The ESP32-CAM serves as the core of the system. It captures high-resolution images at 800x600 resolution and hosts an HTTP server to serve individual JPEG images over a local network. The device’s efficient JPEG compression and network capabilities ensure minimal latency while maintaining high-quality image delivery, enabling real-time processing on the client side.
On the client side, a Python application powered by OpenCV collects image frames from the ESP32-CAM. Using Haar cascade classifiers, the application detects faces in each frame. It can also figure out whether they are frontal or in profile orientation.
This project is focused on face detection and counting. It marks detected faces with bounding boxes.
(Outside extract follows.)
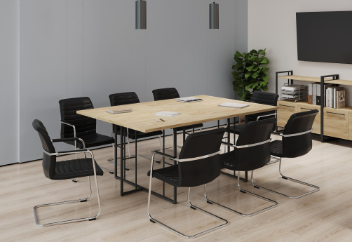 Минималистичный стиль лофт, дизайнерские опоры у столов руководителей, журнальных столов, столов для переговоров, металлические каркасы у стеллажей, наборные шкафы - все это современная серия Миллениум Директ.

It also counts both frontal and profile faces seen in the video stream.
Applications of this face detection and counting system include smart attendance systems, people flow monitoring in public spaces, and automation solutions in retail or event management. This project demonstrates how IoT-enabled devices like the ESP32-CAM can work seamlessly with computer vision algorithms to provide cost-effective and reliable solutions for real-world challenges. By focusing solely on face detection and counting, the system achieves an optimal balance between simplicity, scalability, and computational efficiency.
ESP32-CAM:
Captures images at a resolution of 800x600 (or specified resolution).
Serves captured images over an HTTP server at a specific endpoint (e.g., /cam-hi.jpg).
Configured to operate as an access point or station mode connected to Wi-Fi.
Network Connection:
Wi-Fi provides communication between the ESP32-CAM and the Python application running on a computer.
Computer:
Runs the Python application to process the images and display results.
ESP32-CAM Firmware:
Configures the camera for capturing images.
Sets up a lightweight HTTP server to serve JPEG images to connected clients.
Python Application:
Fetches images from the ESP32-CAM.
Processes images to count and annotate detected faces.
HTTP Protocol:
The ESP32-CAM serves images using HTTP.
The Python application uses HTTP GET requests to fetch the images from the camera.
Image Acquisition:
Python fetches images from the ESP32-CAM endpoint.
Preprocessing:
Converts the fetched image to a format suitable for OpenCV operations (e.g., cv2.imdecode to convert byte data into an image).
Face Detection:
Uses OpenCV's Haar Cascade classifiers to detect:
Frontal Faces: Uses haarcascade_frontalface_default.xml.
Profile Faces: Uses haarcascade_profileface.xml.
Counts the number of faces detected in the current frame.
Annotation:
Draws bounding boxes (rectangles) and labels around detected faces on the image frame.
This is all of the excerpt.